August 2, 2020
This entry is not about aging. Tonight I am writing about the rain. I am writing about being in Northern Thailand close to the Mekong River. I am writing about the actual experience of being in a foreign land and still being me, the part that is foreign, the part that can’t imagine being comfortable any place else. The part that can’t quite find his place in his country of birth and can’t quite feel touched by his brothers and sisters who are safe and happy and quite content to live in only one place, the country they were born in.
The rain is falling tonight and has been drenching the earth here for the last 5 hours and will most likely drench the earth here until morning, and then we will see. The drought seems to be coming to an end. The rice is growing. It is green green green here everywhere you look. I run in the early evening and as I am engulfed by the weeds that shoot up over night and take over the roads and the walk ways I hope a car doesn’t mow me down as it bends through the curve of the road, me unseen until the last minute when it swerves away and I keep on running.
My heart is broken and my emotions are extreme. I realize that in my isolation I just want to be cared for…not like a baby or a spouse, but like a friend. I want to be invited to be with another and I want to feel comfortable to invite another to be with me…just to hang out a bit and feel relaxed and at ease.
It is raining tonight and I happen to love this kind of weather. It is relentless and you never know how much the earth will be able to absorb the rain and how much will flood our streets and our houses and how much we will have to start all over again.
It is raining tonight and somehow this part of being in Thailand is the most exotic, the most mysterious, and the most like home, even though it feels chaotic and dangerous.
We now have to improvise and when we improvise, somehow we become alive to ourselves and to each other.
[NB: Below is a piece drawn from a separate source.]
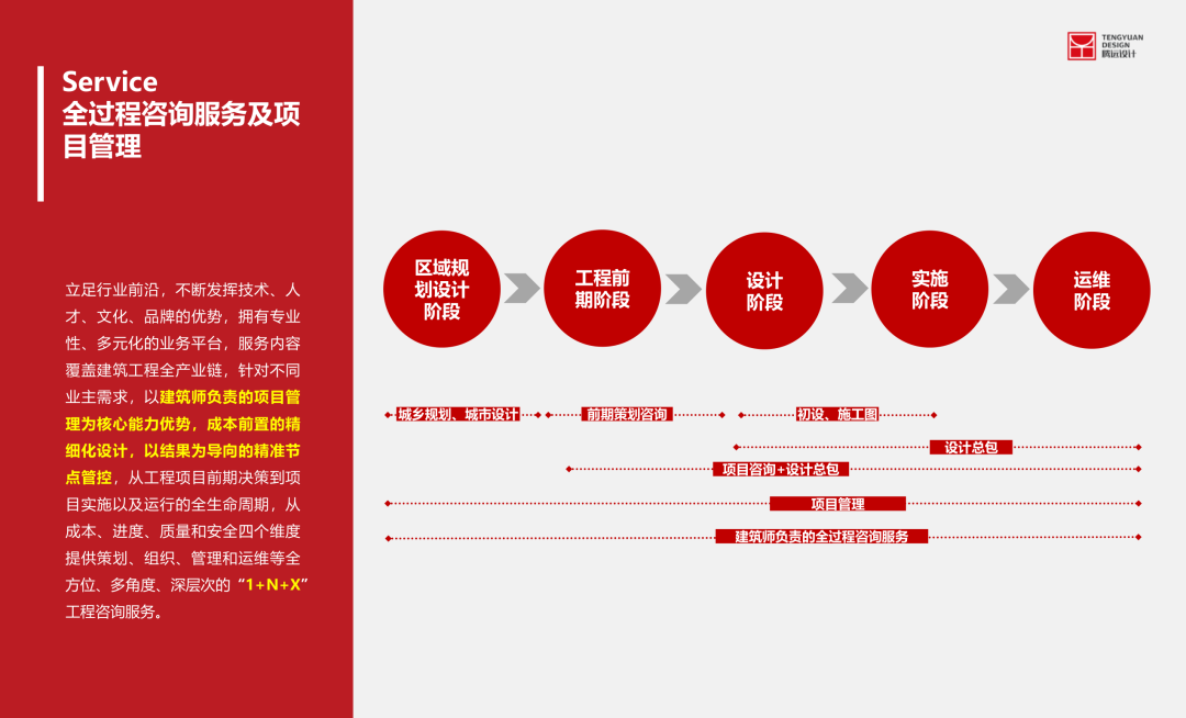 以建筑师负责制的设计为核心,结合造价咨询、项目管理、项目监理、全过程咨询项目管理手段,并进行流程、组织深度融合,形成完整的项目全过程服务能力。

(So strange but a few days later after this reflection which I forgot about, I was running and an App on my iPhone began broadcasting a meditation by a Buddhist monk. The meditation was entitled “meditation for a broken heart.” I had never heard of or chosen to listen to this meditation before. My broken heart suddenly became whole again while running, touched by the acknowledgement and recognition of me seeing me assisted by the synchronicity of the wonderful spontaneous playing of the meditation on my phone.)